Quittant les grandes artères, le Saint-Michel, pour se retrouver sous un grand chapiteau à Grande-Vallée, l’enfant du pays, Louis-Jean Cormier est forcément très attendu. Pourtant, ce n’est pas la grosse artillerie que le chanteur a sortie. Non, avec sa seule guitare, Louis-Jean promet un spectacle long, lent, sans rebondissement. « Chansonnier », quoi ! Trublion sur les bords, ce guitar hero d’un soir lâche très vite ses promesses pour mieux profiter de tout ce que ses quelques cordes peuvent donner en live. Comme le public, que Louis-Jean pousse dans ces retranchements au moment de le faire exulter : « Je t’arrête tout de suite, Grande et Petite-Vallée, t’as déjà été plus fringante ». Le chanteur-guitariste, lui, fait son strip-tease et dépouille ses chansons pour les rhabiller d’épure. Il est seul et libre comme l’air, nous aussi un peu du coup, et ça lui va comme un gant !

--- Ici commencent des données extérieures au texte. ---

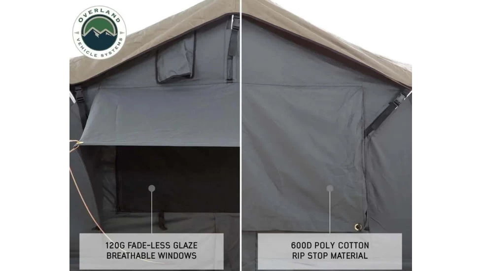 Our Nomadic tents start with a double insulated one-piece black diamond plate base featuring marine grade stainless steel hinges and hardware. Our 600D Premium Double Rip Stop Polyester Cotton Canvas bodies will handle the harshest conditions you can put yourself in.
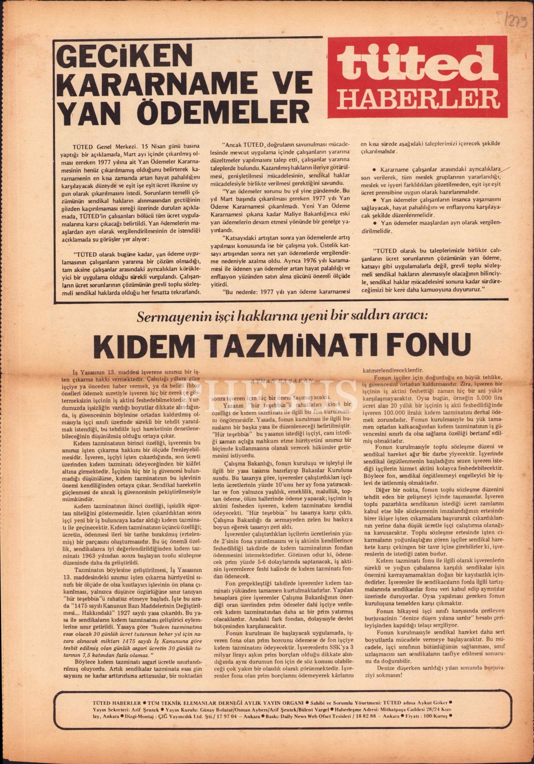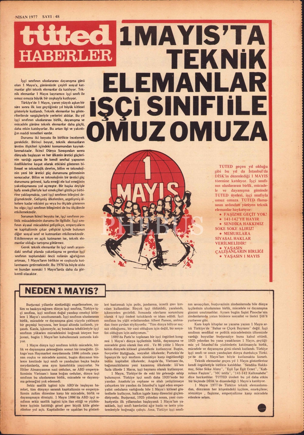 Tüted Haberler, Nisan 1977, " 1 Mayıs'ta Teknik Elemanlar İşçi Sınıfı İle Omuz Omuza", 8 sayfa, 29x39 cm

En deuxième partie de soirée, c’est au Big Holubowski, Matt de son prénom. De quoi continuer fort en guitare ! Mais pas que, car ce chanteur arrivé en finale de La Voix possède une voix hors-norme. Sa première note est inatteignable, même pour le moins commun des mortels. L’odyssée, entre français et anglais, est passionnante, ultra-rythmée, sans doute moins douce qu’il n’y paraissait sur le papier. Matt Holubowski est monstrueux et, une nouvelle fois, on se dit qu’il est dommage que ce genre de personnage ne soit pas entendu de notre côté de la francophonie européenne, ou si peu.

La soirée se termine avec Ponteix. À cette heure avancée de la soirée, le théâtre de la Vieille Forge joue le jeu des ombres et des lumières et en avant de la scène, les nouveaux arrivants sont tantôt à pieds nus, tantôt en chaussettes. Comme pour dire : « un dernier concert et puis au lit sans besoin d’enlever les godasses ». Passé un premier morceau à rallonge, on plane déjà dans les lumières rouges. Il y a quelque chose de sacré dans cette musique élémentaire qui se marie fort bien au ressac du fleuve à quelques mètres de là. Introspective et bouillonnante fin de journée.

Le temps file et nous entrons déjà dans l’avant-dernière journée du festival. Par la porte des petits (pas oubliés) sur une Vague de Cirque. Avec le spectacle « Barbecue », le cirque s’invite au cinéma presque muet qui vient surprendre un honnête jardinier qui va voir débarquer dans son jardin non pas ses pires voisins mais Denis la malice puissance 5 et girly : une nièce revenue de voyage en bonne compagnie) ! Le mini-chapiteau de la compagnie (ce n’est pas un inconvénient, il passe partout et ça lui permet des aventures gaspésiens, ce qui n’est pas donné à tous les cirques) déménage et ce qu’il n’a pas en hauteur, il le gagne en vertige fėérique et burlesque, sans oublier le spectaculaire.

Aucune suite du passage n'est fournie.